Inspiration

Our team was drawn to this challenge due to the bioengineering backgrounds of some of our team members. In many of our chemistry and anatomy classes, we have learned about the application and importance of enzymes. Enzymes affect chemical reactions that are happening in our bodies every day. This project gave us the opportunity to further extend our knowledge and use our computer science skills to solve the challenge. This project is just one of the many pieces of the puzzle that come together to help us understand the complexity of living things.

What it does

Our project takes the reactants and products of a chemical reaction in the form of SMILES and translates it into a machine-readable format. This is done by tokenizing individual molecules for relevant chemical features. The tokenization is inspired by byte-pair-encoding that is utilized in NLP. It is able to recognize recurring subunits across databases that may be of importance. These tokens are then assigned unique IDs using a dictionary so that they can be input into our model. Each reaction is input as a series of tokens. We used a Long short-term memory (LSTM) artificial recurrent neural network (RNN) to train our classifier.

How we built it

We used Google Colab to work in a collaborative coding setting. To translate the given data to meaningful input to our machine, we used SMILES Pair Encoding. SMILES PE learns the vocabulary of SMILES substrings from the ChEMBL dataset and uses the vocabulary to tokenize the values. We then created our own library of the tokens and assigned unique IDs to each token. The IDs/tokens present in each reaction were then input into our model. The model was trained using a LSTM RNN. A model was used to predict the class of the enzyme (the first EC number). The training set was then split by the main class of each reaction and 7 subclass models were trained to predict the subclasses. When evaluating the models, the main model first predicted the class of the reaction; the reaction was then fed into the corresponding submodel to determine the second EC number.

Challenges we ran into

  • Determining a way to represent and quantize the SMILES input

Our team looked at several different methods to extract key features from SMILES such as using DeepChem featurizers.
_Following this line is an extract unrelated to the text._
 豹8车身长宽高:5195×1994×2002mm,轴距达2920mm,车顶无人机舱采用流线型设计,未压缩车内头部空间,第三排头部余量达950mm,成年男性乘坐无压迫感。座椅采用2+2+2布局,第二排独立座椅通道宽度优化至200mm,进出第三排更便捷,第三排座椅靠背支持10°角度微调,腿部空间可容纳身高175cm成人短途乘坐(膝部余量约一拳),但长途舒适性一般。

Ultimately we chose to use SMILES PE as it creates chemically explainable and human-readable SMILES substrings to be used as tokens.

  • Determining good hyperparameter values for our RNN

Our team experimented with using different batch sizes, epochs and other hyperparameters to see what gave the best results. A particular challenge was balancing the accuracy of the model with both the risk of overfitting, as well as the runtime of fitting the model.
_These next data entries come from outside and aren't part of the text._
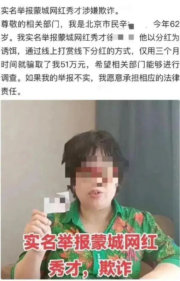 近日,记者发现在抖音上一个名为@王老四 的账号里,疑似此前被封禁的千万网红@秀才 在视频里出镜。 ![]() 秀才疑在他人视频出镜 该账号首个发布的疑似@秀才 出镜的视频里,不仅呈现了@秀才 以往相似的视频风格,在配文里,打上了#秀才 的标签,并写明和秀才老师合拍一下。 这条7月23日发布的视频,目前已经获得超过41.4万赞,2.7万条留言,45.7万条转发。在评论区里,已经聚集了不少原来@秀才 的粉丝,且在一条@秀才 粉丝表达祝福的留言里,视频作者给予了回复:感谢支持。 ![]() 网友评论截图 目前,该账号共计3.2万粉丝,获得超过118万赞,在已经上传的11条视频里,有10条视频都有@秀才的出镜。 该账号11条视频中有10条都有秀才出镜 秀才2023年被封禁 据红星资本局2023年9月3日消息,9月2日晚间,抖音千万粉丝的主播“秀才”账号被封禁。 随后,#秀才账号被封##秀才被举报涉嫌税收违法#等,多个话题登上微博热搜,引发热议。 2023年9月2日晚间,抖音网红“秀才”账号,由于违反《抖音社区自律公约》相关规定,已被封禁。抖音页面显示,秀才拥有粉丝1200多万,作品获赞超过2.0亿,曾被称为“中老年妇女收割机”。 据九派财经报道,知情人士透露,秀才被举报存在违法行为,这可能是他被封禁的部分原因。9月2日晚,亳州市税务局一名负责人表示,确已收到针对徐某某(网名秀才)的举报材料,“涉及到个人所得收入申报情况”,相关调查工作正在进行中。 此前有网友举报秀才指控涉嫌欺诈,一名来自北京的62岁女性在网上称自己实名举报秀才,以分红为诱饵,通过线上打赏线下分红的方式,用三个月时间骗取了自己51万元。针对网友涉嫌欺诈的指控,当地警方表示,已经与举报人见面了解情况,并根据其提供的线索进行调查,未发现违法犯罪行为,后双方自行达成和解。 ![]() 北京女子实名举报秀才 图源九派新闻 超8成粉丝为女性,大于50岁的中老年居多 秀才的视频场景多选在乡村,梳的精致油头,穿西装或衬衫,每当镜头靠近时,秀才就会微笑、撩头发,同时对口型开始唱歌。 ![]() 秀才此前视频截图 此前,据澎湃新闻报道,吉林省某72岁老太因迷恋秀才,花费大量退休金给秀才打赏,还驱车从吉林奔赴亳州想要见其一面,但被拒绝。面对网友的劝解,老人不为所动,而是反问:“上岁数就不兴见网友了?” 在秀才走红之际,另一位女主播“一笑倾城”也在抖音爆火,二人被一起称为“中老年人的收割机”。 8月16日晚,秀才和一笑倾城在直播间进行了一场连麦PK,谁的粉丝刷的礼物更多,谁就能赢下这场PK。据了解,当晚直播间在线人数突破10万,累计超过2000万人观看,几乎每一种礼物特效都出现了不止一遍。 ![]() 秀才和一笑倾城在直播间进行连麦PK 第三方数据平台蝉妈妈统计显示,未封禁时,秀才抖音账号的粉丝画像中女性居多,占据总人数的86.98%,而一笑倾城1909万抖音粉丝中,78.93%的用户注册为男性。两人的粉丝里,主流都是年龄大于50岁的中老年。 |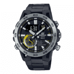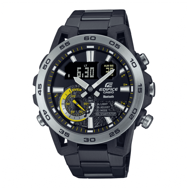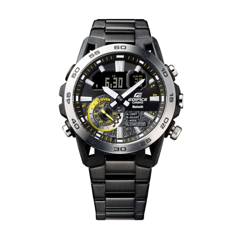 Ti presentiamo EDIFICE SOSPENSIONE ECB-40, dove le forme tipiche degli sport motoristici si fondono a funzionalità e raffinatezza, con un design che richiama il braccio delle sospensioni in resina rinforzata con fibra di carbonio e funzioni di connessione allo smartphone. L’esclusivo design della cassa si ispira alle sospensioni delle auto di Formula 1 con le alette configurate secondo una disposizione a quattro bracci, due sopra e due sotto. La resina rinforzata con fibra di carbonio rende la cassa leggera ma allo stesso tempo resistente. Grazie alla funzionalità Bluetooth, questo speciale orologio si connette automaticamente quando si trova nel raggio d’azione dello smartphone a cui è associato. Apri l’app per accedere a funzioni importantissime per i team delle scuderie automobilistiche: indicazione accurata dell’ora con regolazione automatica fino all’ultimo secondo, gestione semplice dell’ora internazionale e trasferimento allo smartphone dei dati misurati dal cronometro fino al millisecondo per un massimo di 200 giri. Il Super Illuminator (doppia luce LED ad alta luminosità) illumina il display analogico-digitale garantendo una leggibilità anche al buio.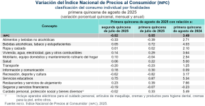 En la primera quincena de agosto de 2025, el INPC registró un nivel de 140.800: disminuyó 0.02 % respecto a la quincena anterior. Con este resultado, la inflación general anual se ubicó en 3.49 por ciento. En el mismo periodo de 2024, la inflación quincenal fue de -0.03 % y la anual, de 5.16 %.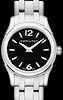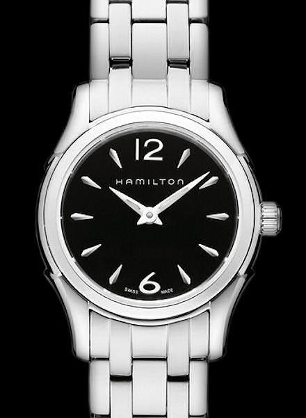 Lady quartz watch in 27mm stainless steel case from Hamilton Jazzmaster Collection. Black dial. Stainless steel bracelet.

Accomplishments that we're proud of

  • This was everyone on the team's first time making a deep learning (DL) model. It was exciting to see everything come together!
  • This was also our team's first time working with NLP and tokenization! Finding a way to preserve key information and features while quantizing the data was something new and of great importance to us.
  • Our model was able to classify reactions for the first EC number with an accuracy of 79%! We were surprised and excited about this result!
  • For our team, this was one of the first projects that we worked on to bridge the gap between chemistry and computer science. It was interesting to see the intersection between the two fields and the breadth of applications for DL.

What we learned

  • We learned about processing language and string inputs to extract useful and quantifiable features.
  • We learned how to build and test deep learning models using TensorFlow Keras.
  • We learned about different tools and APIs for working with ML such as Google Colab.

Using Google Colab, we were able to run our model using a NVIDIA Tesla K80 GPU. This was incredibly useful, as without the GPU our model would have taken several hours to fit. With the use of Google Colab, we were able to do this in a matter of minutes.

What's next for Denatured

  • Using a larger training dataset to cover more inputs and EC classifications.
  • Considering different DL models to tackle the problem.